Look Back … to special articles for Boy Scout Week, 1945

Feb. 11, 1945, in The Star: One of the largest industrial deals in many months has resulted in the sale of the Anniston Soil Pipe Company for an undisclosed sum. Former Mayor William S. Coleman and J. C. Sawyer sold the company to Frank Hamilton and a business partner, R. M. Blakely, who has moved here from Florida and will serve as secretary-treasurer of the company. Mr. Hamilton, son of the late C. A. (Tobe) Hamilton, will serve as president of the firm. Normal production capacity of the plant totals approximately 18,000 tons of soil pipe per year. Also this date: With Boy Scout Week being Feb. 8-14, the second section of today’s Sunday edition has four pages of articles and pictures devoted to the activities of the Chocccolocco Council of Boy Scouts, which serves boys of both races throughout a 10-county region. The council was founded in 1920, although Scouting in a less organized manner was carried on in years prior to then, starting as early as 1911. One article describes Camp Zinn, the council’s year-round camp for boys and men, as encompassing 240 acres and made possible by a $10,000 bequest from the late Col. W. H. Zinn. It was first used as a camp in 1932.

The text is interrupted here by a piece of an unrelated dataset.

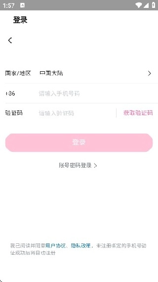在这个界面输入手机号码,获取验证码后,点击【登录】按钮就能完成登录流程。

Feb. 11, 1995, in The Star: Chicken farms in a number of counties in east Alabama are serving as testing sites for the use of recycled newsprint as bedding for the birds, as opposed to traditional sawdust or wood shavings. Part of the reason for contemplating a changeover is that if a region’s sawmills shut down, farmers will find it harder to get leftover wood particles.